Henchmen and Treasure XP

I'm not exactly sure how this is supposed to work in the rules.

PCs get XP for treasure and Henchmen get 1/2 XP.  Simple enough.

We have had occasions where some henchmen stay in one place, while others travel with the PCs.  Sometimes those trips are specifically to go to larger markets to sell expensive loot, and thus earn treasure XP.  In that case, I have given XP to the PCs and 1/2 XP for the Henchmen who joined them.  The ones that didn't go don't get any.

Now the adventuring company is reaching appropriately large old-school party sizes: 6 PCs and 7 Henchmen, with probably a couple more to be hired soon.  The PCs are now reaching the point where they want to go adventuring with some of the Henchmen, and send the other Henchmen off on journeys on the highways to do busy work - like going to larger markets to sell the party's loot for them.

Using the rule I've been using, the Henchmen should get all the XP for loot sold! Obviously, this isn't going to work.

How was this intended to work in the rules? Any suggestions about how I should handle this? TIA.

You don't get experience points for loot sold, you get experience points for loot brought back to civilisation. For example, if you drag an ancient gold idol back to the podunk hamlet you operate out of and then put it in a box in the attic without selling it, you get expeirence for having brought it home.

The only exception to the above is magic items. Magic items do only grant experience at the time of sale, and then only if you haven't used them for anything before selling them.

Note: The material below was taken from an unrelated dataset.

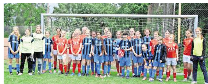
Fair Play über Ländergrenzen hinweg: Nach dem Spiel um Platz neun posieren die D-Juniorinnen der SG Everloh-Ditterke gemeinsam mit dem dänischen Team Eyb IF 1968.

Die Skelette werden derzeit von Archäologen untersucht. Nach bisherigen Erkenntnissen könnten sie vor rund 1000 Jahren bestattet worden sein. Wie alt die Skelette tatsächlich sind, welche historische Bedeutung sie haben und ob sie mit weiteren bekannten Fundstellen in Gehrden zusammenhängen, ist derzeit noch unklar.

The above information is from page 113 of ACKS.

[quote="GMJoe"]

You don't get experience points for loot sold, you get experience points for loot brought back to civilisation. For example, if you drag an ancient gold idol back to the podunk hamlet you operate out of and then put it in a box in the attic without selling it, you get expeirence for having brought it home.

The only exception to the above is magic items. Magic items do only grant experience at the time of sale, and then only if you haven't used them for anything before selling them.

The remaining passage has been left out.